SHOCKING video shows the moment a couple is attacked outside their home after a lucky night at the casino.
A night that featured a massive celebration at the Seminole Hard Rock Hotel & Casino ended in terror for the winning couple when they were followed home, ambushed, and brutally robbed in their driveway – all caught on their Ring doorbell.
Kim Chambliss and her boyfriend, Val Delacruz, had just returned from what was supposed to be a joyous date night at the Florida casino where they won $3,300.
But soon after their exciting win, their evening took a horrifying turn. as they returned home at around 5 am.
Two masked men, armed and dangerous, surrounded their car as they pulled into their driveway, demanding money.
The attackers, later identified as Marcus Jenkins and Tristin Wright, who were both arrested shortly after, had followed the couple from the casino, tracking their every move for hours.
Unbeknownst to them, their winnings made them targets.
As they left the casino and drove home, they were unaware that Jenkins and his accomplices were tailing them.
Police say that the video cameras from the casino and victims’ neighborhoods piece much of the story together.
According to the police affidavit, Delacruz and Chambliss arrived at the casino around 1 am, playing the slots until 4.
As they were exiting the casino, surveillance video captured Jenkins — wearing the shoes with the same unique pattern caught on the couple’s ring camera in front of their home — on his phone and following the couple to their car.

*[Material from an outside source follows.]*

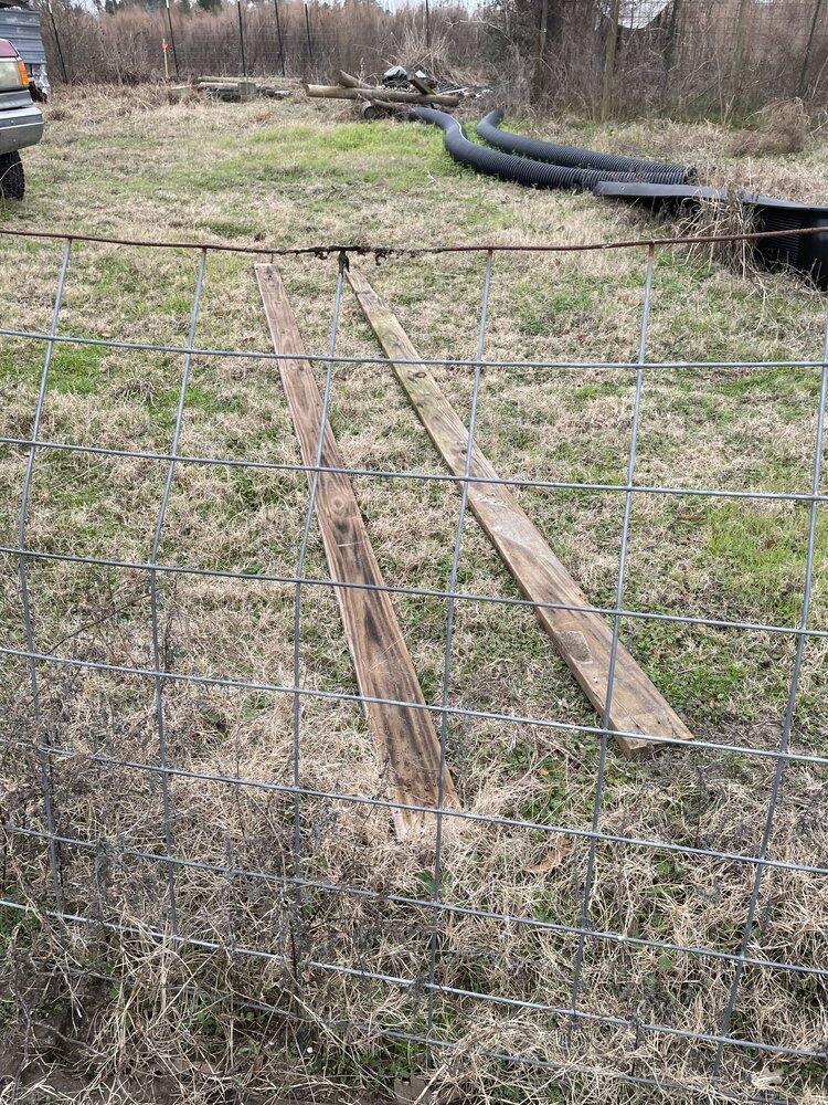 There were 2 boards laying on the ground, so I tossed them over the fence.

The couple then drove away as Jenkins and the other two suspects tailed them, according to police.
Cameras throughout the neighborhood also showed both men following the couple home, the affidavit said.
The attackers then struck as soon as the couple arrived home, shooting Delacruz and Chambliss before making off with Delacruz’s watch, jewelry, and Chambliss’s purse.
Delacruz was shot in his right thigh and left knee while his girlfriend had a bullet in the back of her leg.
Police recovered a total of five shell casings at the scene.
The quick response from Hillsborough County deputies likely saved Delacruz’s life.
The officers applied a tourniquet to his leg, needed to stop the bleeding from a through-and-through wound that could have been fatal.
“I lost so much blood, if they didn’t do that, I wouldn’t have made it,” Delacruz said, grateful for the life-saving intervention.
But while their physical items were stolen, and the couple is okay, they both feel that they have lost something far more valuable than material objects – their sense of security.
Video from their Ring camera captured the horror as it unfolded, showing Delacruz being shot in both legs while pleading with the attackers.
A neighbor’s intervention likely prevented further violence, causing the robbers to flee the scene.
“I hear another gunshot and my first thought was, ‘They’ve killed him.’ I was hysterical, I screamed and cried,” Chambliss told local Fox affiliate WTVT-TV.
Despite his injuries, Delacruz managed to make a desperate plea for his life as he lay on the ground, wounded and bleeding.
“I ran and I fell in the door, and the other guy came out and shot me again for the third time in my left leg,” Delacruz said about the brutal attack.
The couple later learned that Jenkins and Wright had been watching them at the casino for over two hours before following them home, a revelation that left them shaken to the core.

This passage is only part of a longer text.